▶ [Directions]: Note on the material below: return exactly the lines from the line that holds "导读:Facebook24亿" through the line that holds "На рисунке ниже", and leave out each picture.

▶ [Material for the task]:
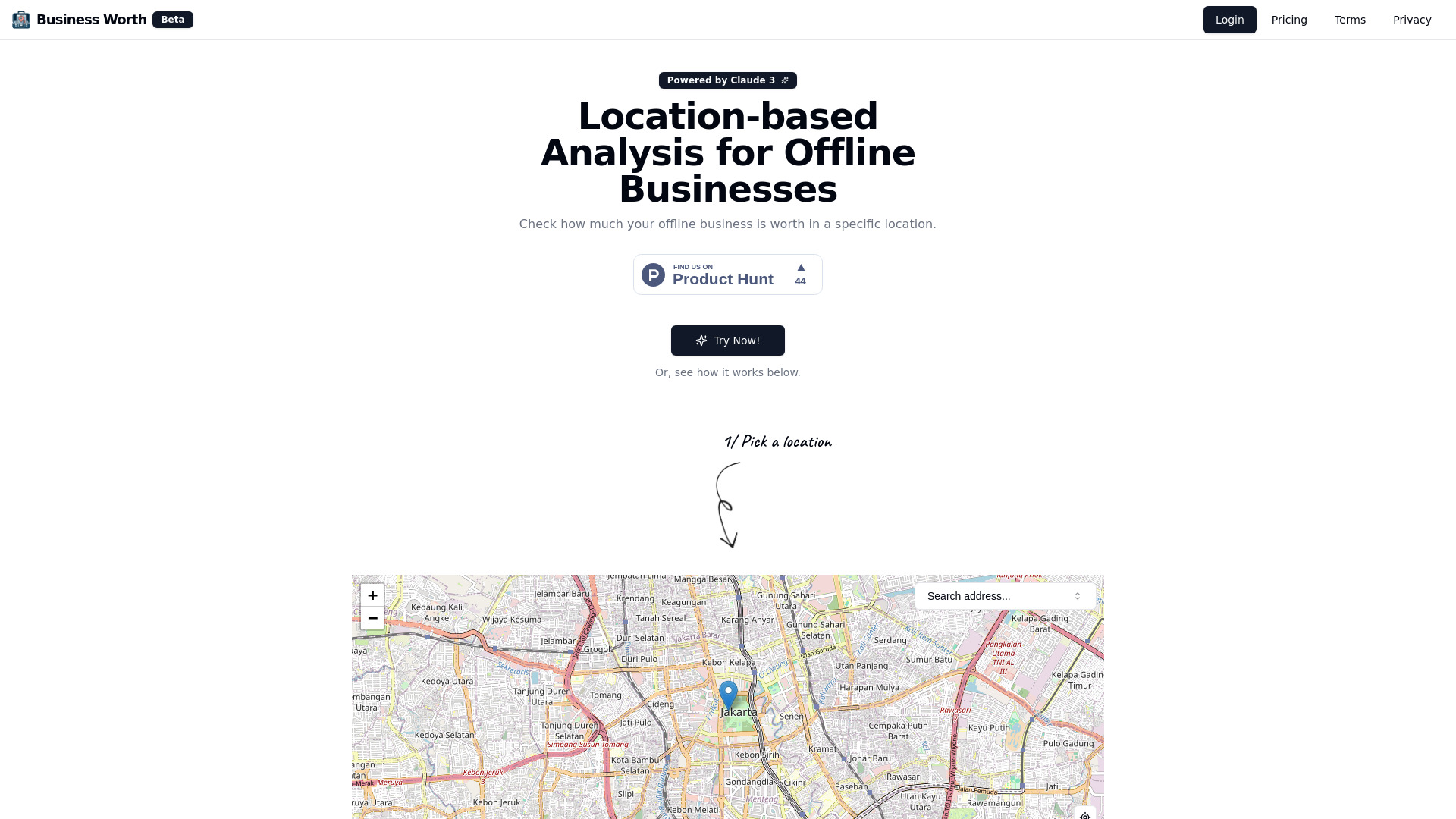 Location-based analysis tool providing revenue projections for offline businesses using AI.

--

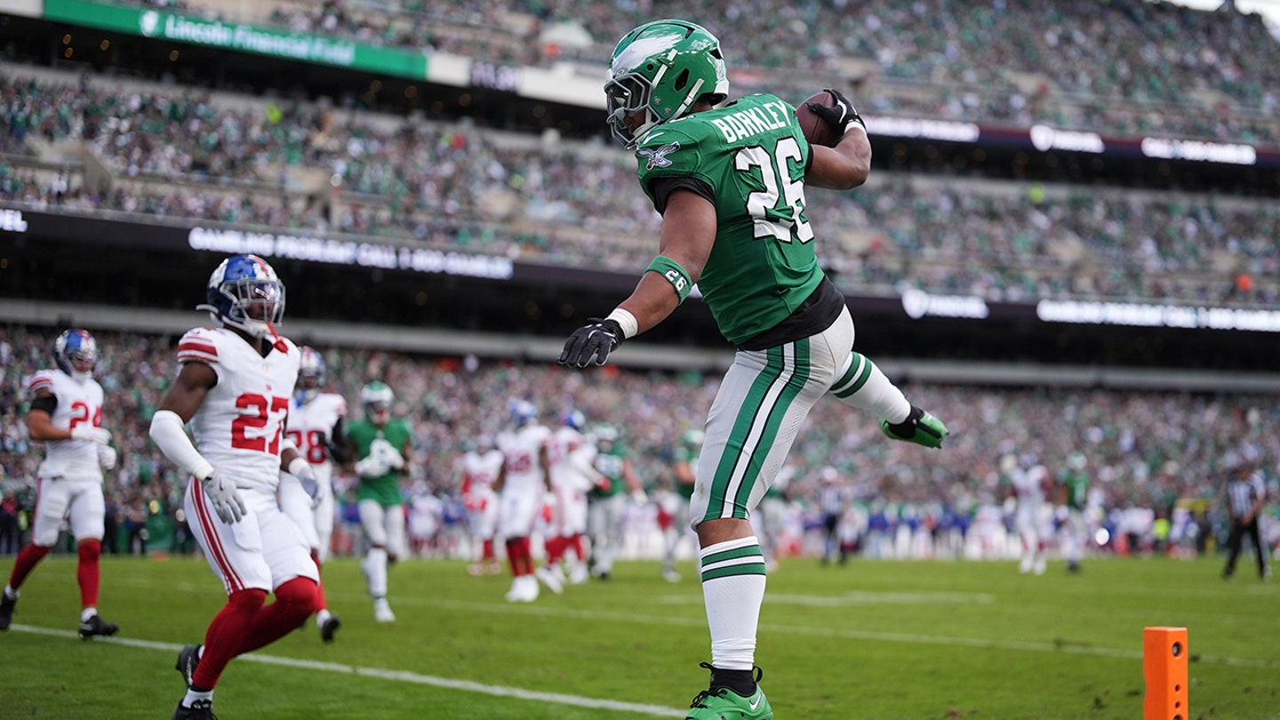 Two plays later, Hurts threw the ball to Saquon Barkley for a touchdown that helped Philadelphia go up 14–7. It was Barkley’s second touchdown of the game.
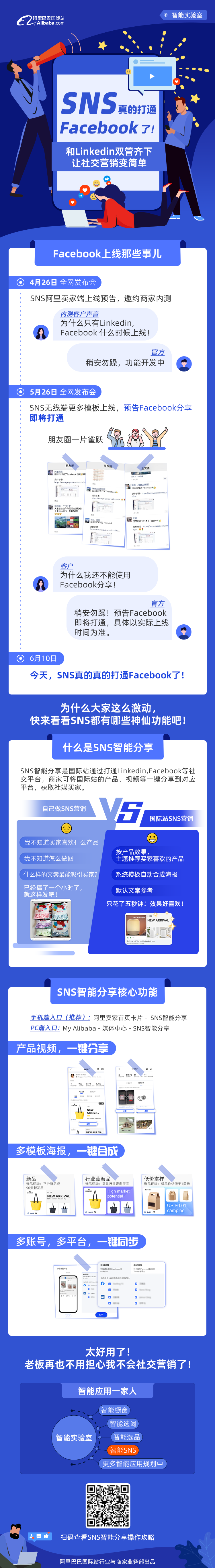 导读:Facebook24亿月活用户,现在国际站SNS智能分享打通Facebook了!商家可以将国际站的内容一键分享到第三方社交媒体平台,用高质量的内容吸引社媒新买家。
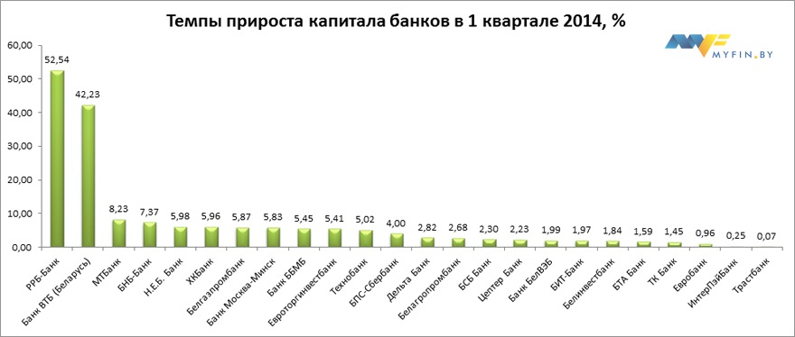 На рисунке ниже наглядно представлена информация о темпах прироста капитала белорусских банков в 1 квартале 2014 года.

▶ [Output of the task]:
 导读:Facebook24亿月活用户,现在国际站SNS智能分享打通Facebook了!商家可以将国际站的内容一键分享到第三方社交媒体平台,用高质量的内容吸引社媒新买家。
 На рисунке ниже наглядно представлена информация о темпах прироста капитала белорусских банков в 1 квартале 2014 года.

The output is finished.